How to add variable (column) name before every row of row in column
I would like to add the column name to each string of characters in the column. Here's a small data frame to use.
df <-structure(list(CoA = c("Baton Rouge", "Birmingham", "Chattanooga",
"Columbia", "Houston"), CoB = c("Haddonfield, NJ", "Haddonfield, NJ",
"Philadelphia, PA", "Hackensack, NJ", "Princeton, NJ"), CoC = c("St. Louis, Missouri",
"Kansas City, Missouri", "Jefferson City, Missouri", "Belleville, Illinois",
"Overland Park, Kansas")), .Names = c("CoA", "CoB", "CoC"), row.names = c(NA,
-5L), class = "data.frame")
I tried the following, but R recycles the object company and the df object.
company <- colnames(df)
new <- sapply(df, function(x) paste(company, x, sep = ", "))
This is what I want, but for all columns:
paste(colnames(df[1]), df$CoA, sep = ", ")

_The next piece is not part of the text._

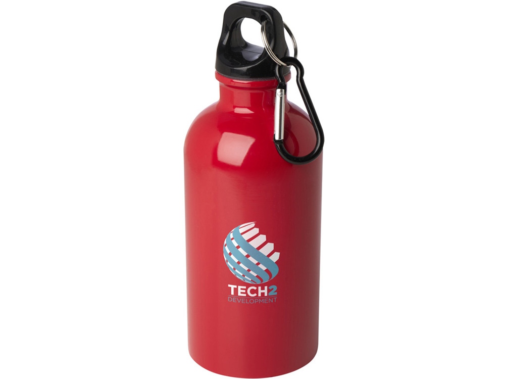 Одностенная бутылка для воды с карабином Oregon, изготовленная из нержавеющей стали, сертифицированной по стандарту RCS, объемом 400 мл - Красный купить оптом и в розницу с нанесением логотипа в Уфе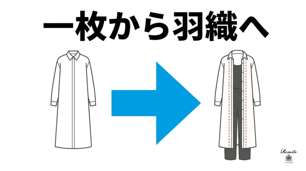 朝晩の冷え込みに対応する機能性はもちろんですが、羽織りものを一枚足すことで、ワンピース単体では作れなかった「シルエットのメリハリ」を生み出すことができます。

[1] "CoA, Baton Rouge" "CoA, Birmingham" "CoA, Chattanooga" "CoA, Columbia" "CoA, Houston"
I tried various regexes and didn't get it anywhere. How do I get sapply
to perform an insert operation on each column?
Thank you for your help.
source to share
Here's a possible solution:
mx <- sapply(colnames(df),function(name){ paste(name,df[,name],sep=", ")})
> mx
CoA CoB CoC
[1,] "CoA, Baton Rouge" "CoB, Haddonfield, NJ" "CoC, St. Louis, Missouri"
[2,] "CoA, Birmingham" "CoB, Haddonfield, NJ" "CoC, Kansas City, Missouri"
[3,] "CoA, Chattanooga" "CoB, Philadelphia, PA" "CoC, Jefferson City, Missouri"
[4,] "CoA, Columbia" "CoB, Hackensack, NJ" "CoC, Belleville, Illinois"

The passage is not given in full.